The Code Sleuth's Casebook

The Case of the Broken Lock

Broken Lock

While planning out the next installment of the “Case of the Redis Client”, I remembered a case from a few years ago that was causing us serious problems at CodeProject. We were using Redis to cache a lot of data and UI, which drastically improved the User Experience and resource usage. However, occasionally the Redis Client, StackExchange.Redis, would lock up and timeout on all requests. We have 4 front-end webservers, and when the issue occurred, most, if not all, of the webservers would start reporting Redis errors.

Needless to say, the site would slow down to a crawl and become unusuable. This is the story of how I uncovered the unlikely culprit.
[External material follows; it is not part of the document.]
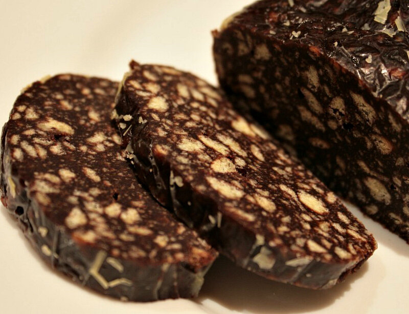 Шоколадная колбаса из печенья - незабываемый вкус детства (многие дети 80-х помнят его особенный вкус!). Помню, как мама нам с братом доверяла делать эту колбаску и мы, готовя колбаску, чувствовали себя настоящими кулинарами))). Сейчас, просматривая рецепты в интернете, очень много вариантов приготовления шоколадной колбасы: со сгущенкой, с орехами, со сметаной и даже с добавлением ирисок. А я сейчас хочу рассказать вам из чего мы готовили. Брали печенье (примерно 400 гр, может меньше), масло сливочное (1 пачка) и какао-порошок (добавляли на глазок, чтобы колбаска получилась темного цвета, как шоколадка). Какао-порошок у нас был "Золотой ярлык" (и сейчас покупаю только его). Печенье мелко ломали руками, затем добавляли туда размягченное сливочное масло, какао и потом все перемешивали руками. Полученную массу выкладывали на пакет целлофановый, придавали форму колбаски, заворачивали в пакет и в морозилку на несколько минут. Когда колбаска застывала, становилась твердой, резали на кус
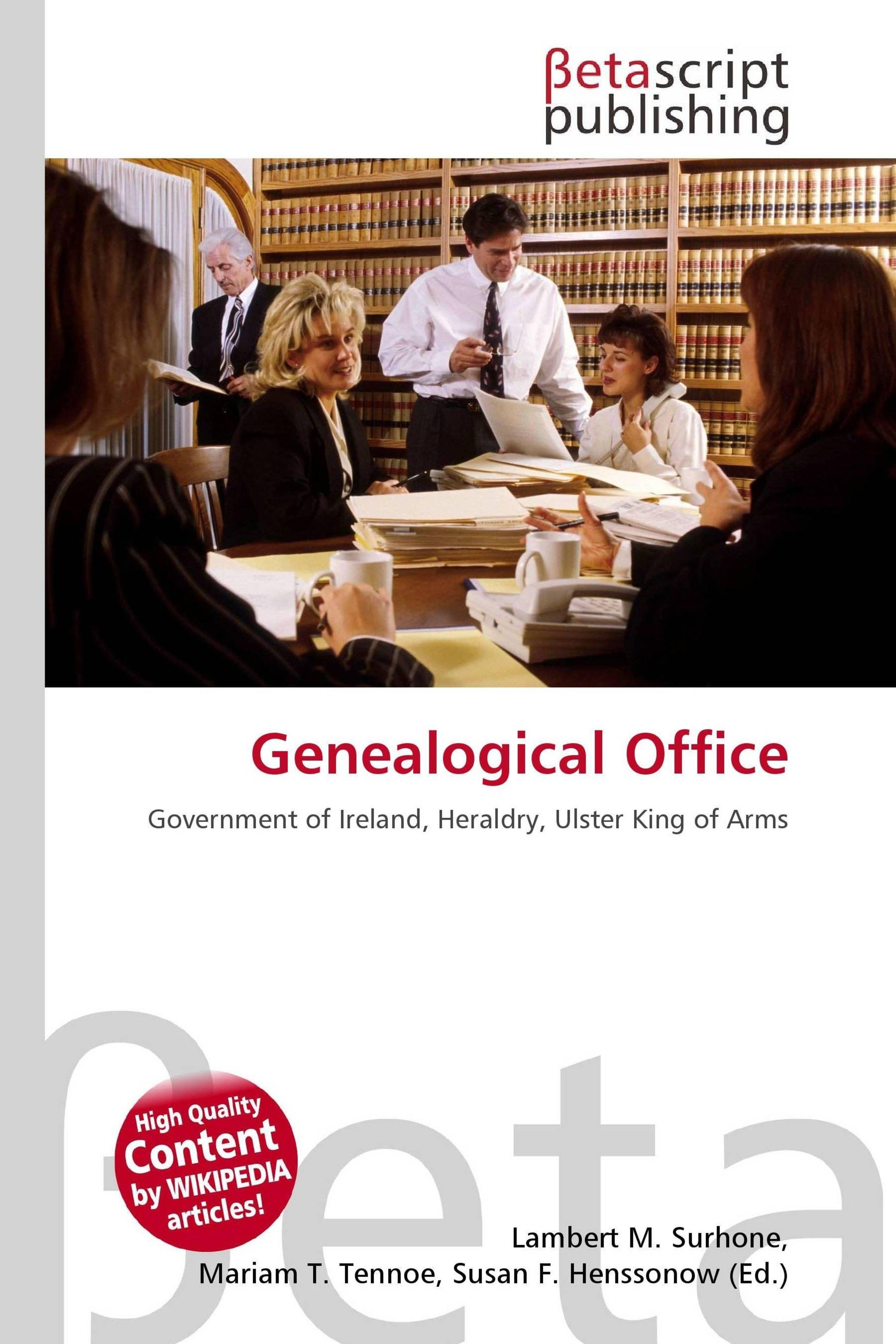 Please note that the content of this book primarily consists of articles available from Wikipedia or other free sources online. The Genealogical Office is an office of the Government of Ireland containing genealogical records. It includes the Office of the Chief Herald of Ireland (Irish Príomh Aralt na hÉireann), the authority in the Republic of Ireland for heraldry. The Chief Herald authorises the granting of arms to Irish bodies and Irish people, including descendants of emigrants. His office was constituted on 1 April 1943 as successor to the Ulster King of Arms, established in the England-based kingdom of Ireland in 1552. The Ulster King of Arms' duties in Northern Ireland were taken over by the Norroy and Ulster King of Arms.

While tracking down the issue, I made the following observations:

Using the Visual Studio Debugger and the source code for StackExchange.Redis, I was able to determine that the issue was caused by a deadlock in the Redis Client. By eliminating all the likely causes, I tracked it down to a unexpected cause, and issue in a Microsoft supplied library, The client was using a static instance of ConditionalWeakTable. Unfortunately, this class sets an _invalid flag before it starts something that could make the data in the table temporarily invalid and clears it when done. In many of its methods that modify the table, the _invalid flag is checked, and an exception is thrown if it is set.

The result of this is that once the ConditionalWeakTable gets into an invalid state, usually as a result of an OOM or ThreadAbort exception in the calling code, the table is now permanently invalid, and all future calls to it will throw an exception. This is what was causing the Redis Client to lock up and timeout.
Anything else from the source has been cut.